An Incremental, Optimistic, Practical Approach
10:00 a.m., Friday, June 18, 1999
7th floor conference room, 719 Broadway
The historic focus of Automatic Parallelization efforts has been limited in two ways. First, parallelization has generally been attempted only on codes which can be proven to be parallelizeable. Unfortunately, the requisite dependence analysis is undecidable, and today's applications demonstrate that this restriction is more than theoretical. Second, parallel program generation has generally been geared to custom multiprocessing hardware. Although a network of commodity workstations (NOW) could theoretically be harnessed to serve as a multiprocessing platform, the NOW has characteristics which are at odds with effective utilization.
This thesis shows that by restricting our attention to the important domain of ``embarrassingly parallel'' applications, leveraging existing scalable and efficient network services, and carefully orchestrating a synergy between compile-time transformations and a small runtime system, we can achieve a parallelization that not only works in the face of inconclusive program analysis, but is indeed efficient for the NOW. We optimistically parallelize loops whose memory access behavior is unknown, relying on the runtime system to provide efficient detection and recovery in the case of an overly optimistic transformation. Unlike previous work in speculative parallelization, we provide a methodology which is not tied to the Fortran language, making it feasible as a generally useful approach. Our runtime system implements Two-Phase Idempotent Eager Scheduling (TIES) for efficient network execution, providing an Automatic Parallelization platform with performance scalability for the NOW.
Our transformation divides the original program into a server and zero or more clients. The server program is a specialization of the original application with each parallel loop replaced with a scheduling call to the client which comprises the body of that parallel loop. The scheduler remotely executes the appropriate instances of this client on available machines.

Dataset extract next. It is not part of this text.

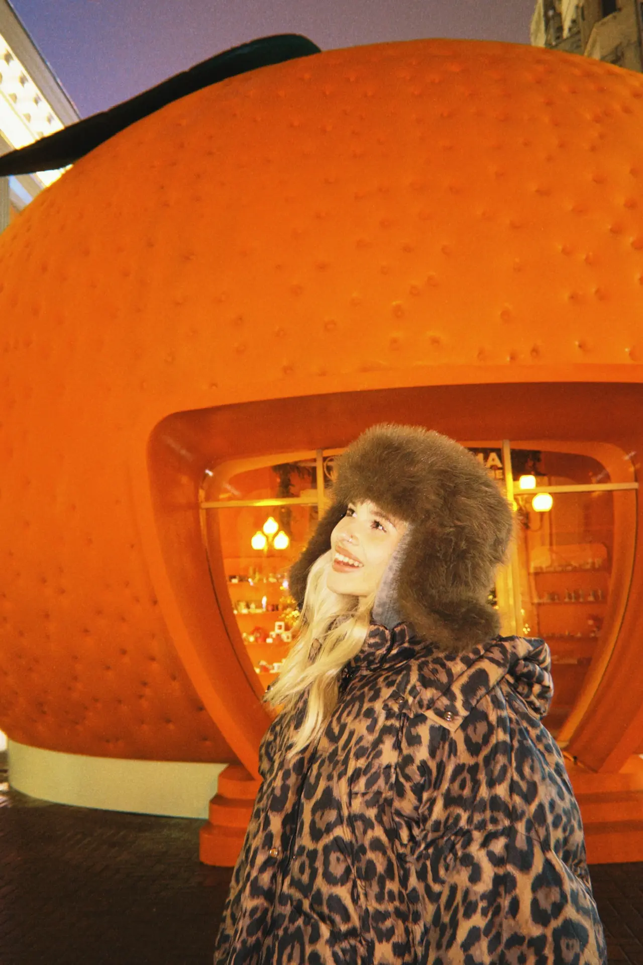 она осталась в кафешке ,а я быстренько побежала снять видео в мандаринке ,а то долго ехали и закроется она 😢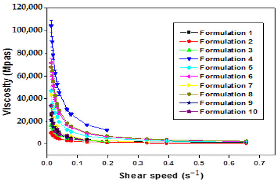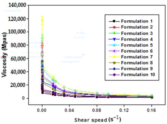 The increase in the shear rate of all formulations (F1–F10) leads to a gradual decrease in viscosity (Figure 4). This confirms that all the formulations obtained are of non-Newtonian pseudo-plastic fluid type with a shear-thinning character.

We describe the transformation and runtime system in detail, and report on the automatic transformation achieved by our implementation prototype in two case studies. In each of these cases, we were able to automatically locate the important coarse-grained loops, construct a shared-memory layout, and generate appropriate server and client code. Furthermore, we show that our generated parallel programs achieve near-linear speedups for sufficiently large problem sizes.